* DIRECTIONS: Set down all of the entries below exactly, and omit the pictures.

(Stored data)
= Beginning of Section =
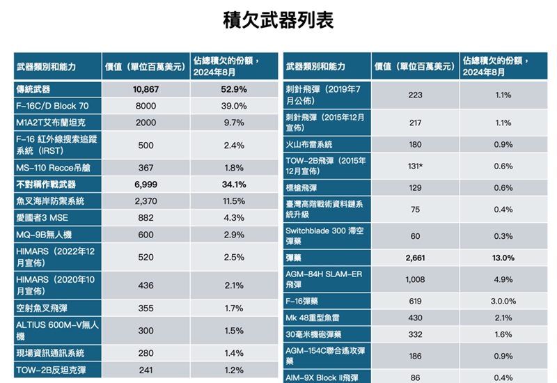 美國對臺積欠武器清單。(圖片來源:臺灣“中時新聞網(wǎng)”)
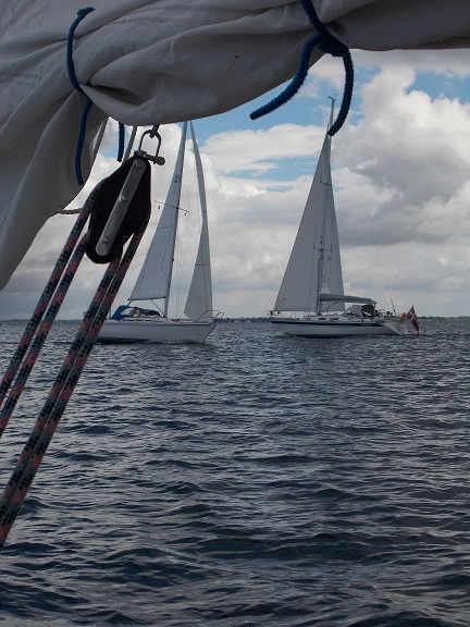 Durch den Brötchenservice kommen wir schon 10:15 Uhr los, gleich nach Verlassen des Hafens setzen wir die Segel, der Wind kommt ideal, mit Stärke 3 aus West.
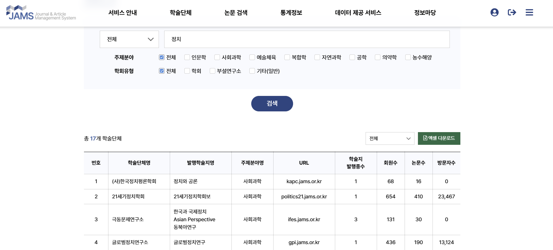 메뉴에서 '학술단체'를 들어가서 관심있는 주제분야를 검색하면(ex. 정치, 통계, 빅데이터, 기계 등) 관련 학회-학술지-URL을 리스트업해준다.
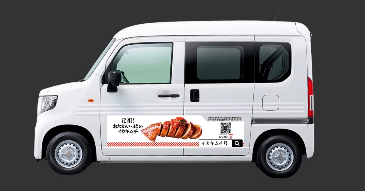 その中で、おつけもの慶と連携し、トラックや軽貨物配送車の広告掲載の価値推定に向けた実証に取り組むこととなりました。おつけもの慶のトラックや、地域配送の軽貨物配送車の荷台に広告を掲載して走行させ、取得した位置情報や、人流データなどを活用し、広告が閲覧された場所や回数を可視化することで、広告の効果を測定します。今回は、川崎市全域でトラック、軽貨物配送車が「イカキムチ号」として走ります。
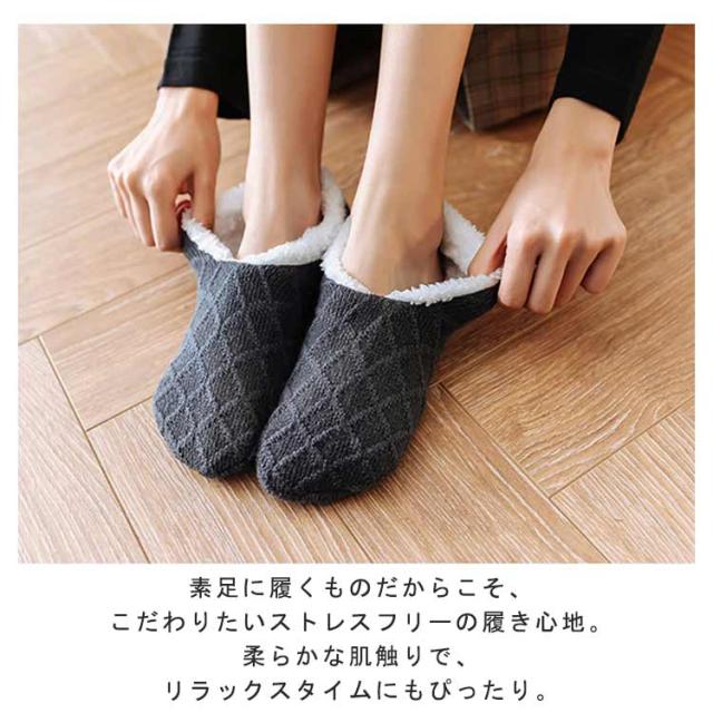 | ふわふわ・もこもこで秋冬にぴったりのシューズタイプのルームソックス。 ケーブル編みのニットと裏起毛の二重構造で寒い日にも足元を暖かく守ります。 ふかふかの裏起毛素材で、まるで履く毛布のような暖かさ、つま先までしっかり保温してくれます。 足裏には滑り止め付きなのでフリーリングでも滑りにくく安心。 お家でのリラックスタイムや就寝時の足元の冷え対策など、冬を快適にポカポカお過ごし頂きます。 全体的にやや伸縮性があるので履きやすく、優しく足元をあたためてくれるので、の方はもちろん、温活や、妊活中・妊娠中の方にもおすすめ。 | |
= End of Section =
* COMPLETED TASK:
 美國對臺積欠武器清單。(圖片來源:臺灣“中時新聞網(wǎng)”)
 Durch den Brötchenservice kommen wir schon 10:15 Uhr los, gleich nach Verlassen des Hafens setzen wir die Segel, der Wind kommt ideal, mit Stärke 3 aus West.
 메뉴에서 '학술단체'를 들어가서 관심있는 주제분야를 검색하면(ex. 정치, 통계, 빅데이터, 기계 등) 관련 학회-학술지-URL을 리스트업해준다.
 その中で、おつけもの慶と連携し、トラックや軽貨物配送車の広告掲載の価値推定に向けた実証に取り組むこととなりました。おつけもの慶のトラックや、地域配送の軽貨物配送車の荷台に広告を掲載して走行させ、取得した位置情報や、人流データなどを活用し、広告が閲覧された場所や回数を可視化することで、広告の効果を測定します。今回は、川崎市全域でトラック、軽貨物配送車が「イカキムチ号」として走ります。
 | ふわふわ・もこもこで秋冬にぴったりのシューズタイプのルームソックス。 ケーブル編みのニットと裏起毛の二重構造で寒い日にも足元を暖かく守ります。 ふかふかの裏起毛素材で、まるで履く毛布のような暖かさ、つま先までしっかり保温してくれます。 足裏には滑り止め付きなのでフリーリングでも滑りにくく安心。 お家でのリラックスタイムや就寝時の足元の冷え対策など、冬を快適にポカポカお過ごし頂きます。 全体的にやや伸縮性があるので履きやすく、優しく足元をあたためてくれるので、の方はもちろん、温活や、妊活中・妊娠中の方にもおすすめ。 | |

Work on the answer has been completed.